_Material for the task_

-=-=-

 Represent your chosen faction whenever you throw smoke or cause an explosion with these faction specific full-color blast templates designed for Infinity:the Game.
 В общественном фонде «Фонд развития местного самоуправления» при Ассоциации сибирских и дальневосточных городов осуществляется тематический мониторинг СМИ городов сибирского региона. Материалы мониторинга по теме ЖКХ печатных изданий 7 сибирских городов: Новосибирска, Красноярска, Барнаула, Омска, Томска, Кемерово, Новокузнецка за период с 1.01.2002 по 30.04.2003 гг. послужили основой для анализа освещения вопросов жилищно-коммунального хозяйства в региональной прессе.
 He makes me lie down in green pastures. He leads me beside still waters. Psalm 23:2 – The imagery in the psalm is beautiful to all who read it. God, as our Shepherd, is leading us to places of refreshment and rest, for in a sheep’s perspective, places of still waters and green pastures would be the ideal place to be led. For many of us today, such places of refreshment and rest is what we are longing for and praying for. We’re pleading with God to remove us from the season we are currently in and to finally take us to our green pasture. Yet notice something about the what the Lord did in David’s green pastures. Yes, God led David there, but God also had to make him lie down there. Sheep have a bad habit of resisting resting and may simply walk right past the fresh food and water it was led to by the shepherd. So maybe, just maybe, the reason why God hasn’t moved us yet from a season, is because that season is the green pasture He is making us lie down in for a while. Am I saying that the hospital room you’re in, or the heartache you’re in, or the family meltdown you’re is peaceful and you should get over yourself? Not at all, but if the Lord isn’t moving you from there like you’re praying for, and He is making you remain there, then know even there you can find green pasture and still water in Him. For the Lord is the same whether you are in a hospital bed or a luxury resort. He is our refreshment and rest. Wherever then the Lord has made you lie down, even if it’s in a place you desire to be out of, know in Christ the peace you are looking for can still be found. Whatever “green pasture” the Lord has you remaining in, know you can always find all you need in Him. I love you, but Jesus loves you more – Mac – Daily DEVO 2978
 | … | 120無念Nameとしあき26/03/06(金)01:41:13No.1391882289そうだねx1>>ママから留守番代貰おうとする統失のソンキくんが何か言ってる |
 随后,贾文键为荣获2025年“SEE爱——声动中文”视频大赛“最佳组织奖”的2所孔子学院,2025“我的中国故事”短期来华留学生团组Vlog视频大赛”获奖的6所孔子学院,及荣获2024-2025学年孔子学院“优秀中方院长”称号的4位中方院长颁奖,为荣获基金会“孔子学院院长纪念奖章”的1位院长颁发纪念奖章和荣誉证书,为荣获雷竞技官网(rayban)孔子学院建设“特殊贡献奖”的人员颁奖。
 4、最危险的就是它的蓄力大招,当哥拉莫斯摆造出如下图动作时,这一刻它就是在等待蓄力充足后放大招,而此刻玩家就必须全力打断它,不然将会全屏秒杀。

-=-=-

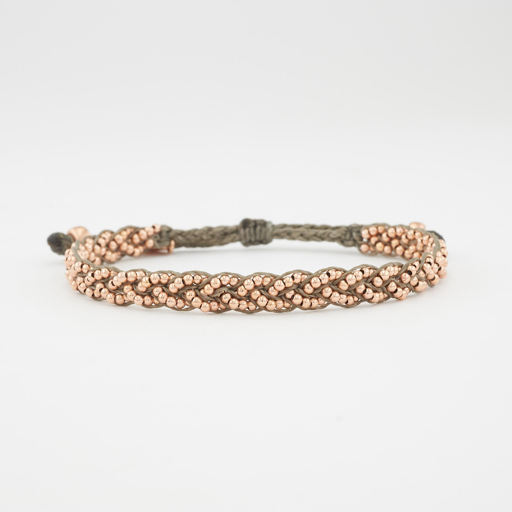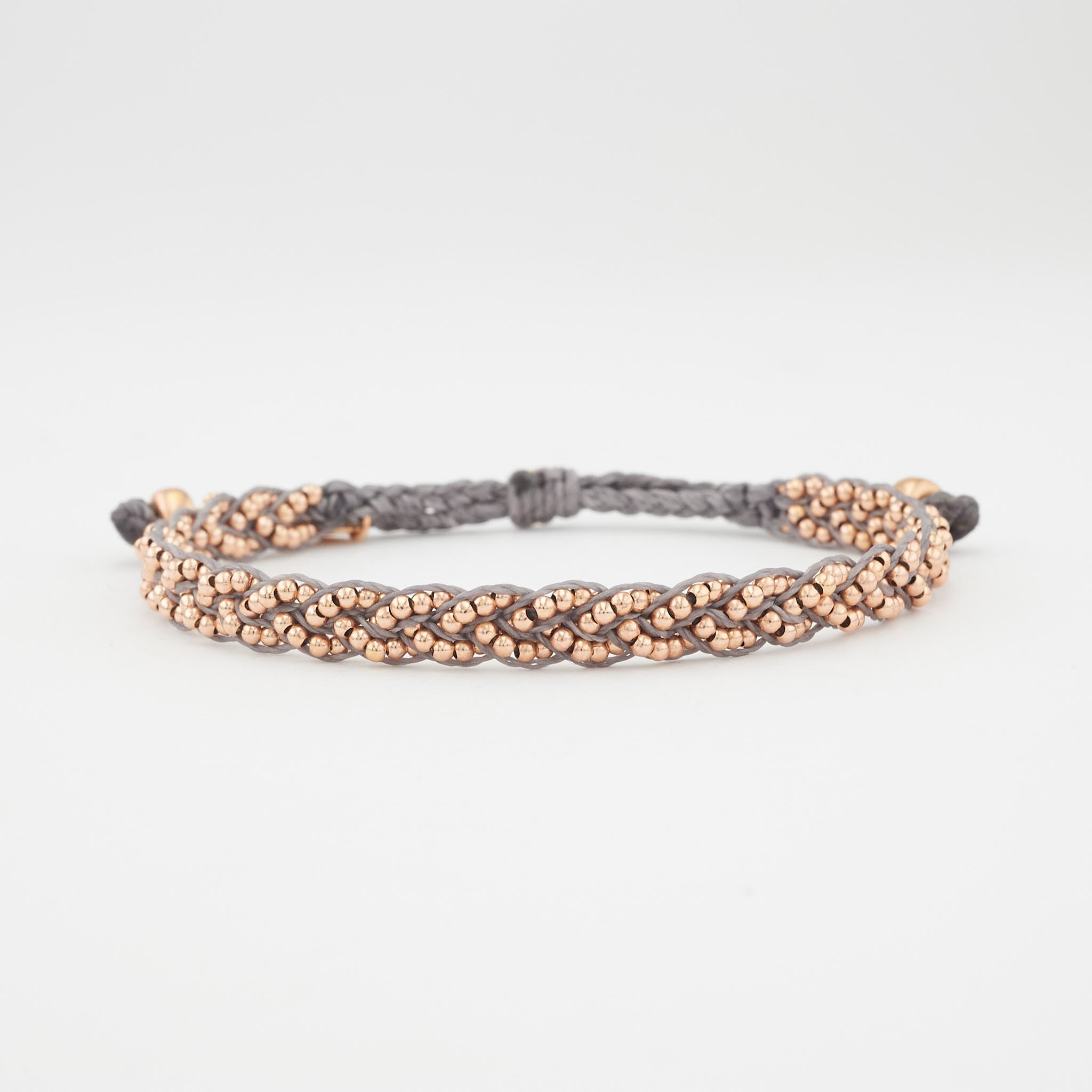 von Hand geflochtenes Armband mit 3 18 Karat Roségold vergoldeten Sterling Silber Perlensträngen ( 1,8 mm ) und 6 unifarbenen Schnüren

-=-=-

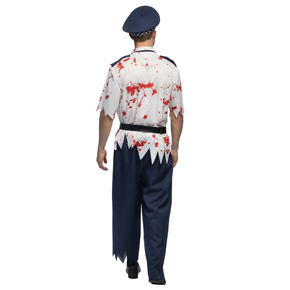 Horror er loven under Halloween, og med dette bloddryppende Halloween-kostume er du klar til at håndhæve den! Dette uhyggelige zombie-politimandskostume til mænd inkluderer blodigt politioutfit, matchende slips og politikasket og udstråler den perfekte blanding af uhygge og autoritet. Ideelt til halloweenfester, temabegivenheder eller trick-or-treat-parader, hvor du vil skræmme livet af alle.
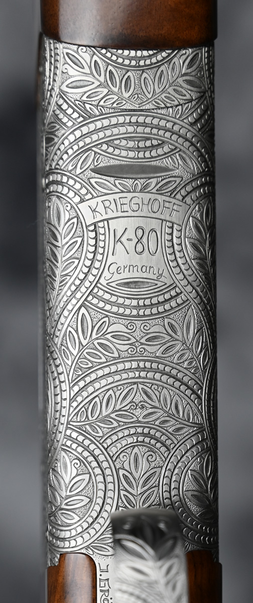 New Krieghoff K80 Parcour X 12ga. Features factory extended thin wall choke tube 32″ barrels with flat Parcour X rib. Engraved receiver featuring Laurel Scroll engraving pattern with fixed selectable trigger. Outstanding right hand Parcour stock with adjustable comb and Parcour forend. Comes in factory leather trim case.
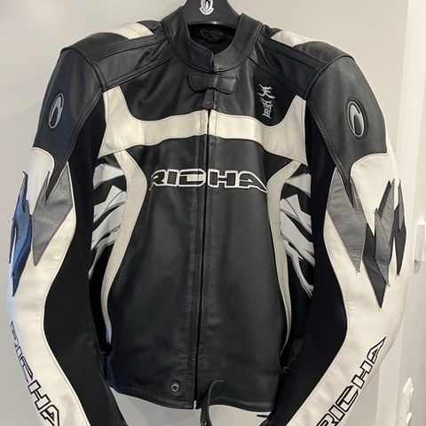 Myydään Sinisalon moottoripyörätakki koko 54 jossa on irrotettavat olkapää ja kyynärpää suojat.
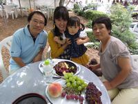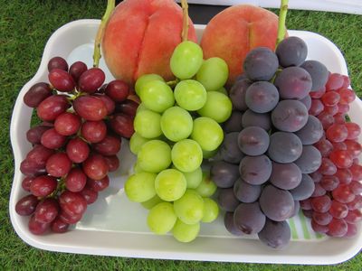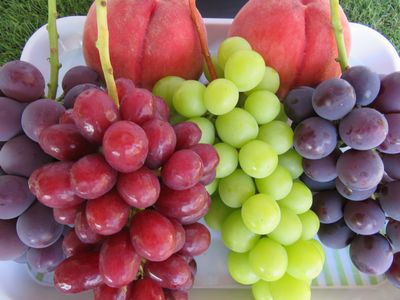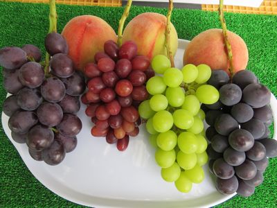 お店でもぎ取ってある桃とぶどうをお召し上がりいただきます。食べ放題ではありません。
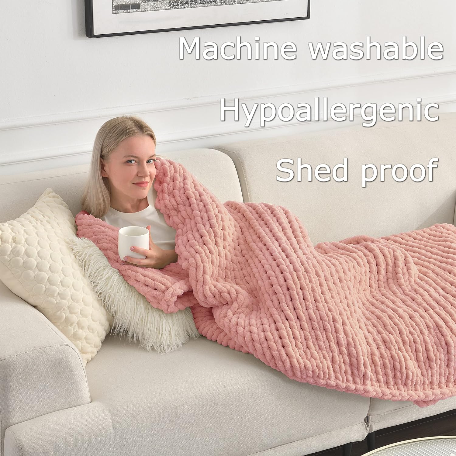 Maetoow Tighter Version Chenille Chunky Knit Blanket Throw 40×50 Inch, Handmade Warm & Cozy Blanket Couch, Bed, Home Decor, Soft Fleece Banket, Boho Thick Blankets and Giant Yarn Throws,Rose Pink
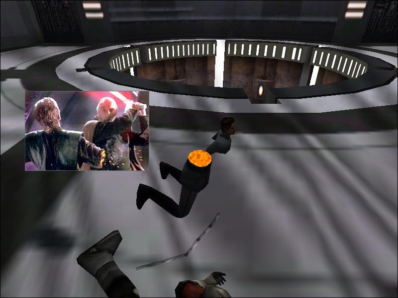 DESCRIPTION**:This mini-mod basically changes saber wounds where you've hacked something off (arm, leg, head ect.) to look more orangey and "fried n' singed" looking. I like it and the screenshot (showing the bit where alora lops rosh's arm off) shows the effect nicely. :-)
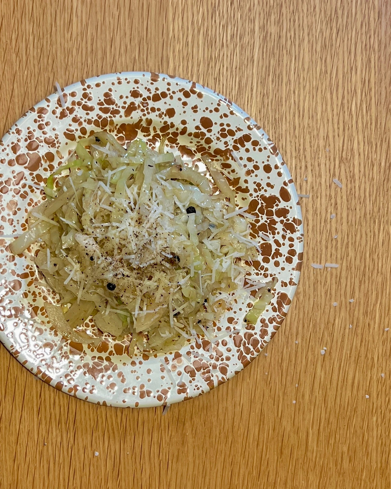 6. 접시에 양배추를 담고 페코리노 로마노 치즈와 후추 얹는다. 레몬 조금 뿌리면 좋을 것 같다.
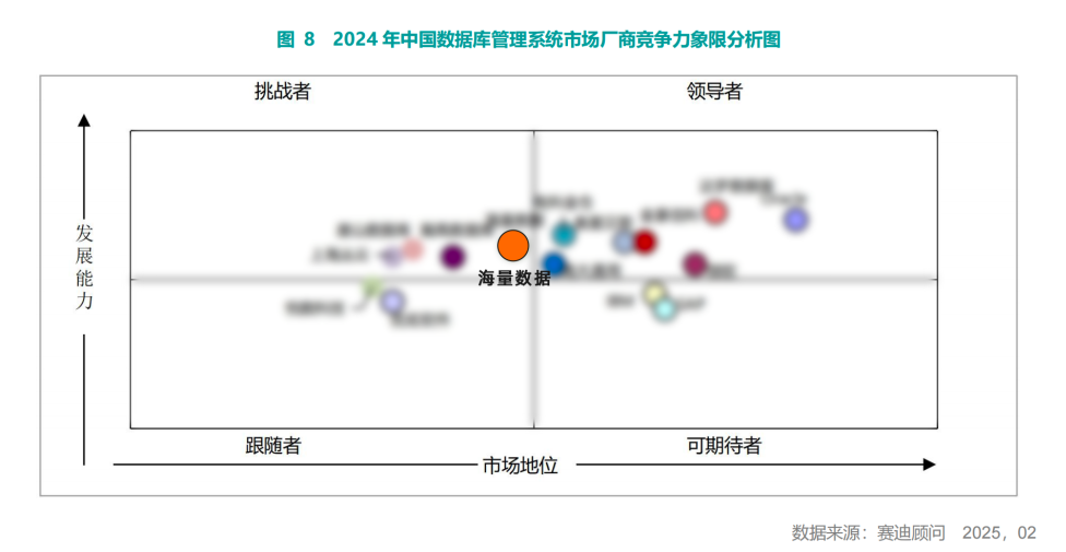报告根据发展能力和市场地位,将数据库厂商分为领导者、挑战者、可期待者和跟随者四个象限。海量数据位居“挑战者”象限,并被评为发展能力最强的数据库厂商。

-=-=-

_What needs to be done_
Look back at the data above. Transcribe exactly the lines starting at the line that contains "Represent your chosen" and ending at the line that contains "В общественном фонде".

_Your response_
 Represent your chosen faction whenever you throw smoke or cause an explosion with these faction specific full-color blast templates designed for Infinity:the Game.
 В общественном фонде «Фонд развития местного самоуправления» при Ассоциации сибирских и дальневосточных городов осуществляется тематический мониторинг СМИ городов сибирского региона. Материалы мониторинга по теме ЖКХ печатных изданий 7 сибирских городов: Новосибирска, Красноярска, Барнаула, Омска, Томска, Кемерово, Новокузнецка за период с 1.01.2002 по 30.04.2003 гг. послужили основой для анализа освещения вопросов жилищно-коммунального хозяйства в региональной прессе.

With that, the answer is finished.